Whatever the specific experiences were, at their core was a sense that we had to be different than how we were, in order to please others and get the love we needed. This created a deep pattern of self-rejection, which manifest in the way we relate to our own inner experience.

If we want to move towards our potential for inner development, we need to adopt a new way of relating to ourselves: simply accepting our feelings, no matter what they are. Rather than avoiding, rejecting, and controlling what we feel, we need to learn to let it be what it is, as we mindfully experience it. We need to approach ourselves with curiosity instead of judgement.

This doesn’t mean letting our emotions control our behavior or dominate our perspective. Being present with our emotions, and interested in understanding them, isn’t the same as acting them out or believing that they are the truth. When people’s feelings control them, causing them to behave irrationally or impulsively, they are not really present with themselves, consciously observing their feelings.

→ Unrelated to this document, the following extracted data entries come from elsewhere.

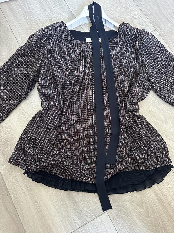 Продам блузку в хорошем состоянии,размер 40/46, плечи-38см.Пог-53см.Длина-58см.Длина рукава-56см.
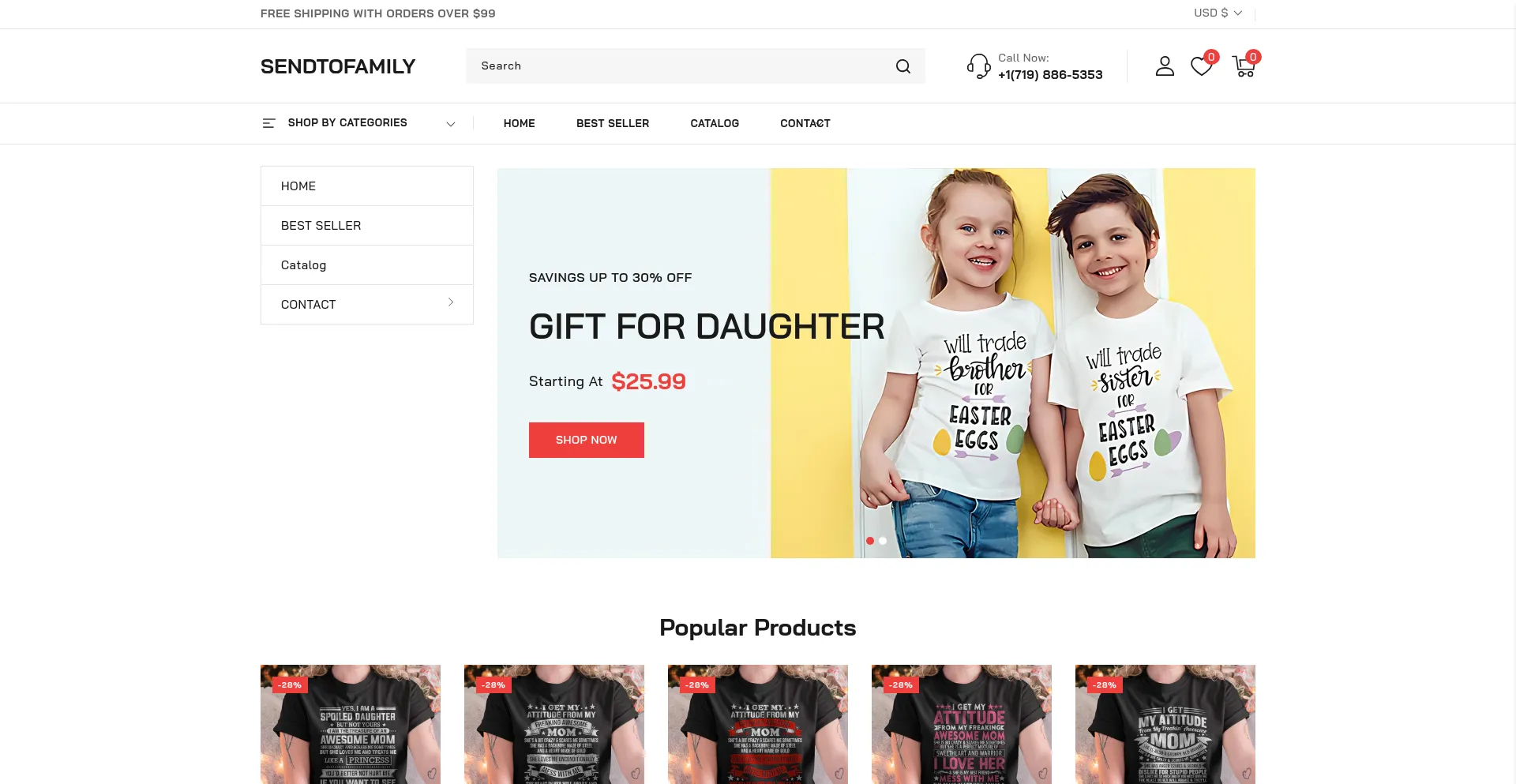 The sendtofamily.com website utilizes free e-commerce platform solutions, which may indicate cost-conscious operations but could also suggest limitations in security features, customer support, or advanced functionality compared to enterprise-grade solutions.
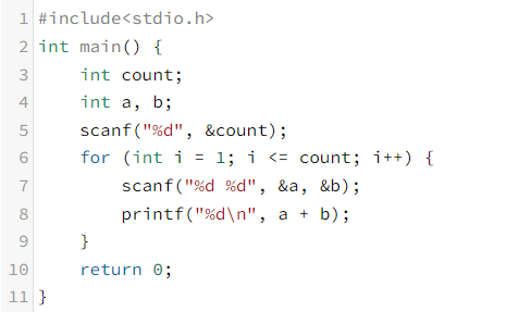 각 테스트 케이스 출력에 대해 해당 정수의 합계를 출력합니다.
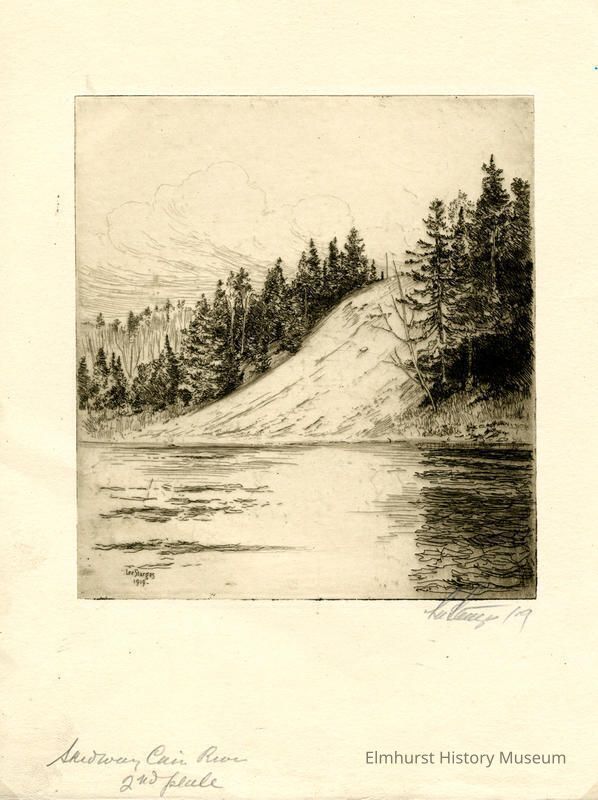 Etching of a skidway into a river. Signed and dated. Second plate.

When we mindfully experience our feelings, we don’t act them out. Instead, we turn inwards, using curiosity and awareness to understand what is happening for us. We become explorers of ourselves, seeking to learn the meaning of what we are feeling. For example, we may come to recognize that our emotions are connected to past experiences. This awareness provides the best basis for consciously choosing how to respond to our feelings, making us less likely to express them in harmful and impulsive ways.  

However, we can’t understand the meaning of our feelings when we aren’t open to them. Whenever we judge them as bad or wrong, or try to avoid having them, we are rejecting our actual experience, and we can’t learn anything from it. 

Healing and growth don’t occur by trying to make ourselves feel good all the time, nor by trying to control our inner experience based upon our beliefs about what we are supposed to feel. Authentic personal development can only come from an accepting and mindful relationship with our real feelings. We must learn to welcome all of them with curiosity and compassion, and use them as a gateway into deeper understanding of ourselves.

This attitude of inner openness is expressed in a poem called The Guest House, written by the 13th century mystic, Rumi:

The Guest House

This being human is a guest house.
Every morning a new arrival.

A joy, a depression, a meanness,
some momentary awareness comes
as an unexpected visitor.

Welcome and entertain them all!
Even if they’re a crowd of sorrows,
who violently sweep your house
empty of its furniture,
still, treat each guest honorably.
He may be clearing you out
for some new delight.

The dark thought, the shame, the malice,
meet them at the door laughing,
and invite them in.

Be grateful for whoever comes,
because each has been sent
as a guide from beyond.

-Rumi (translation by Coleman Barks).